At first we struggle to find a thematic backbone to a series of scenes that show the surviving members of the Samouni family going about their daily lives in a battered suburb that nevertheless clings on to a few remnants of fertile farmland, including the family’s decimated olive grove. Gradually, though, it becomes clear that the film is partly about the deeply human tension between the need to preserve and order omemories of the past, and the need to move on with life.
Memories blossom into brief animated sequences, but they’re fragile things. The words of old songs they used to sing in the fields are already slipping away from the Samounis, drowned out by the swagger of the Bollywood melodramas they watch on television. Amal, who was left for dead for three days after the Israeli rocket strike that killed her father and several other family members, has several fragments of shrapnel still embedded in her brain. Yet she’s a radiant, resourceful girl whose battle against her brothers’ attempts to exclude her from their important male business is a powerful strand of a film that does not flinch from the less than illuminated aspects of life in this intensely tight-knit, judgmental, patriarchal society.

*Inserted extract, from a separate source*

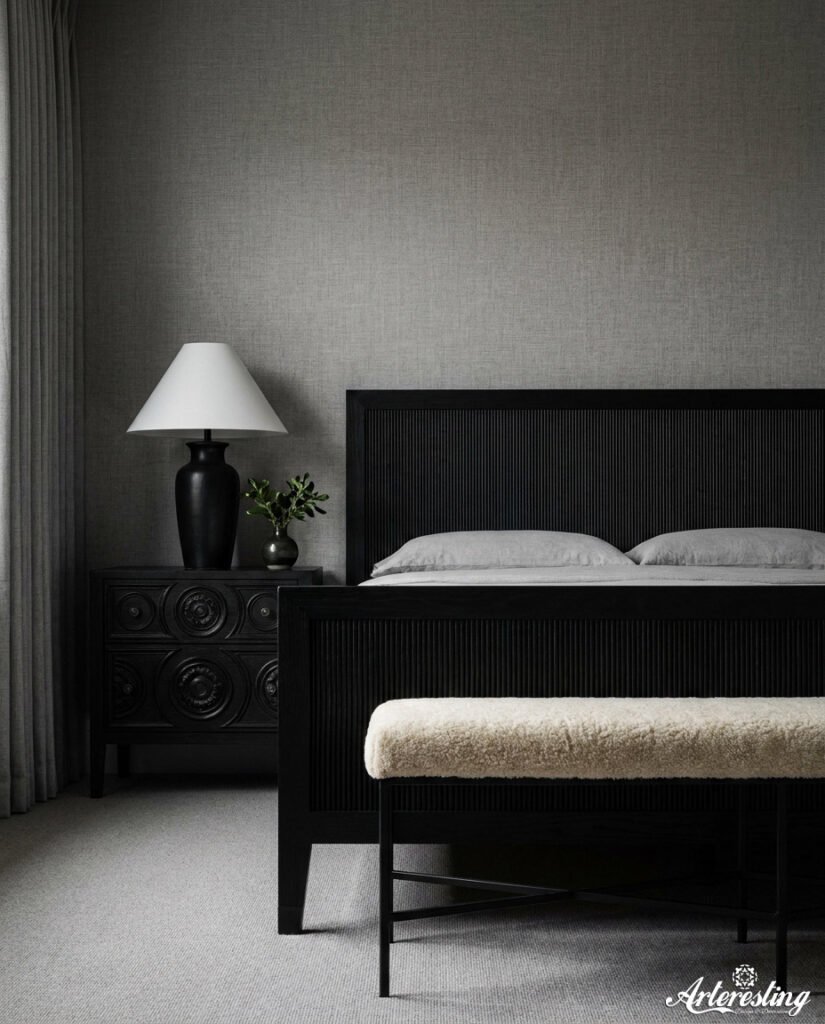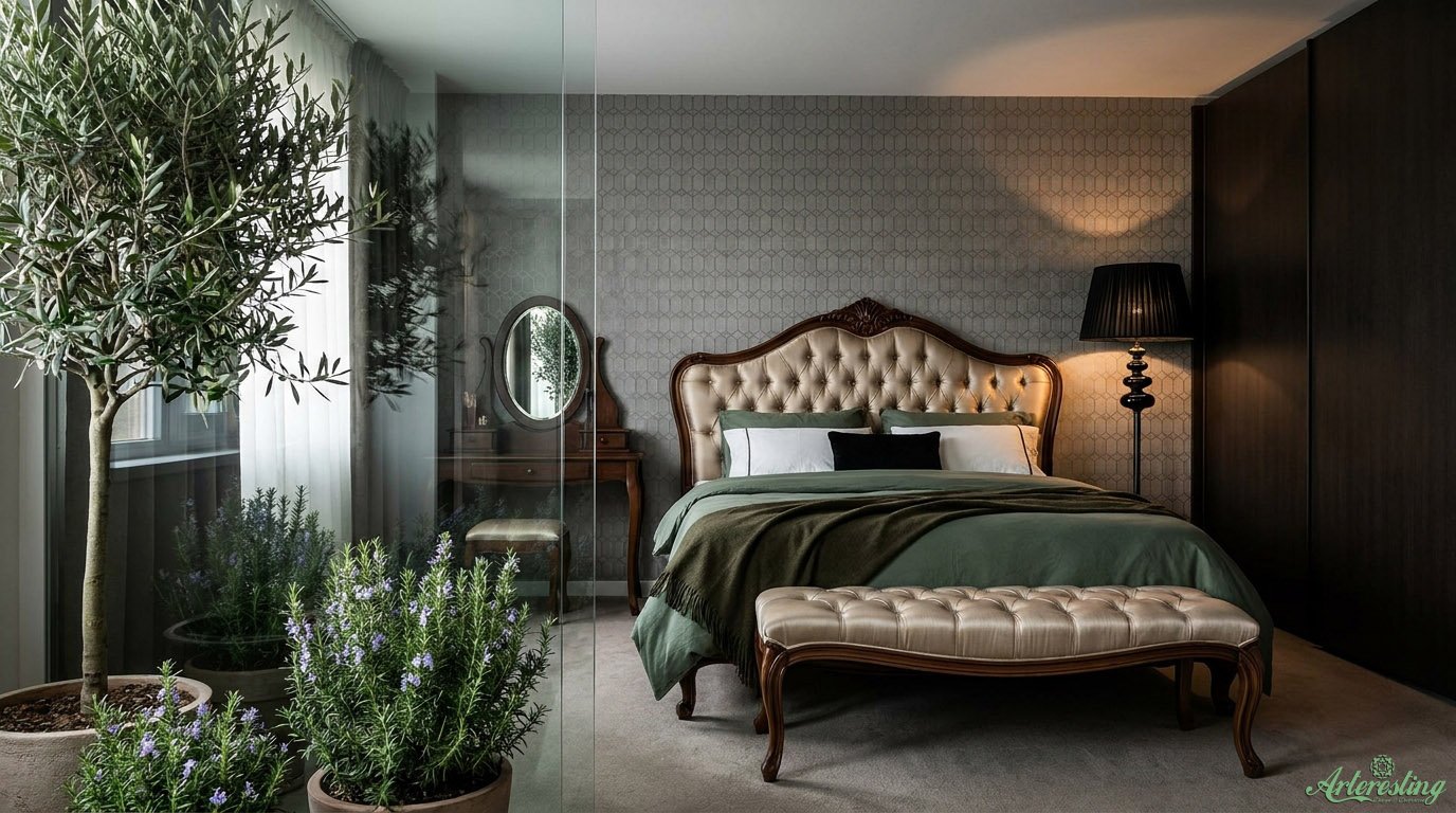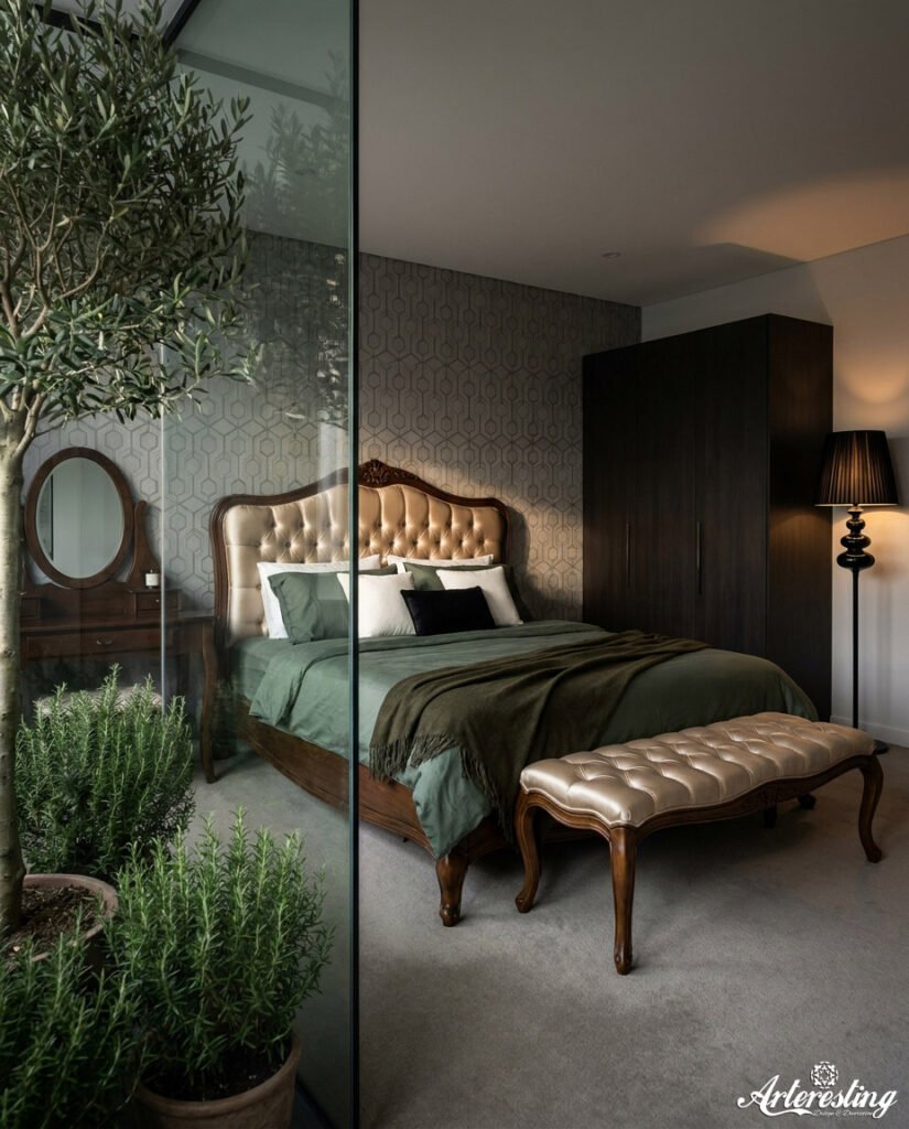 A velvet bench in a deep, rich tone enhances the drama of moody bedroom designs. The material catches the light and adds a sense of intimacy and luxury to the foreground.

In the film’s final section, the fissures as well as the healing currents of the aftermath are highlighted in the edit of the handheld footage Savona shot during several visits to the family. We see how the dead – though, tellingly, only the males – have become no longer victims but ‘martyrs’. We see fights break out over land distribution when the residents of the Zeitoun district are finally allowed to return to their devastated homes, and watch, with his worried mother, as Amal’s younger brother nurses jihadist dreams of revenge.
And we see Hamas, Fatah and other political and religious players trying to use the Samounis for their own power games. But there’s hope too, in the wedding that closes this nuanced documentary, and in the resilience of the family at its centre.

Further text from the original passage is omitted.